Another playwright, Patrick Marber (Dealer's Choice, Closer) also took the story to another country and time — an English country house on the eve of the Labor party's historic win in 1945. This actually works quite well. That election was a pivotal turning point, a giant leap towards finally changing Britain's rigid class distinctions. But for Julie, the British mansion's young mistress Julie and John, her father's chauffeur/valet, their one-night stand is still fraught with the elements of heredity and environment that have made them, as well as Christine, the cook and John's fiancee, what they are. That conditioning dooms Julie's urge to escape her spoiled girl existence and his ambitions for a more independent, less servile life.

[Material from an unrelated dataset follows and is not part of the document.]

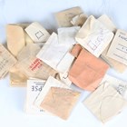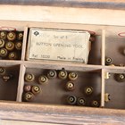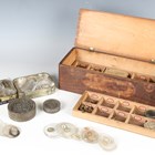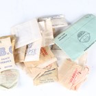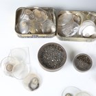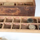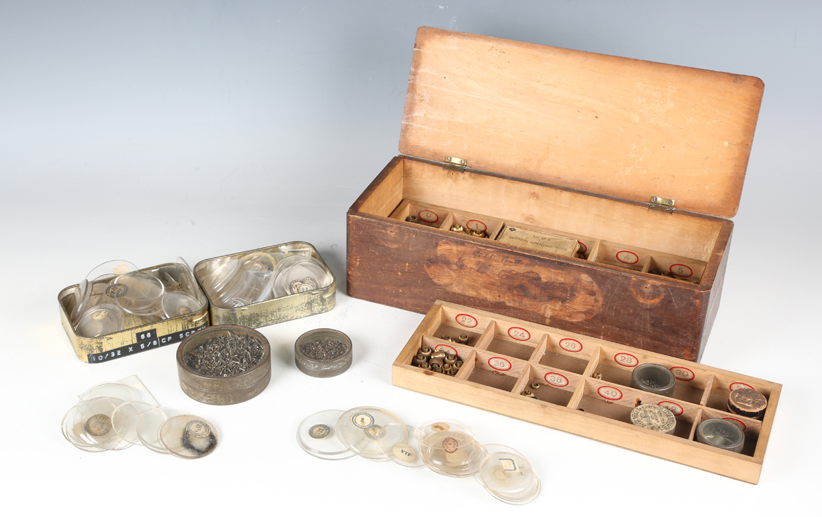 A collection of watchmaker's parts, including a quantity of pocket watch glasses/crystals, winding crowns and movement screws.

As I noted when I saw Craig Lucas's adaptation, whether true to its original time frame or updated, the success of any revival of Strindberg's play rests with how successfully the actress playing the title character handles the shifts from volatility to vulnerability, from willful independence to the need to be dominated. And there's the rub with the Roundabout's After Miss Julie. The name recognition casting of Sienna Miller is this production's Achilles heel.
Ms. Miller is certainly good looking enough to make it easy to understand John's attraction to her. However, while she's not terrible, she's less than terrific. Her Julie is too actress-y and one-dimensional to make us emotionally connect with the wildly conflicted young woman whose actions only many psychotherapy sessions could explain. Her poor little rich girl seems more like a character in a 1940s movie, than the child of a dysfunctional marriage filled with violence. She carries out her dead mother's dictum never to be any man's "slave" by using her status to seduce John and masochistically empower him to dominate her.
To return for a moment to my comments about the Craig Lucas's smartly cast adaptation as staged by Anders Cato at the Berkshire Theater Festival, my comment that the success of any revival of Strindberg's play depends on the performance of the title character. Seeing this latest version, turns out to require a postscript: When the Lucas adaptation transferred to the Rattlestick Theater in New York with the same director and Julie, the recasting of the actor playing the chauffeur diminished her opportunities to shine and the elimination of some of Cato's inventive directorial touches lessened the overall impact. This brings us back to the okay but less than a Wow! Julie at the American Airlines Theater. In addition to a so-so Julie, we have director Mark Brokaw at less than his best, with his ideas of inventive touches working less often than they should. Fortunately, the other Miller (no relation) is very satisfying as the object of Julie's sexual and emotional neediness.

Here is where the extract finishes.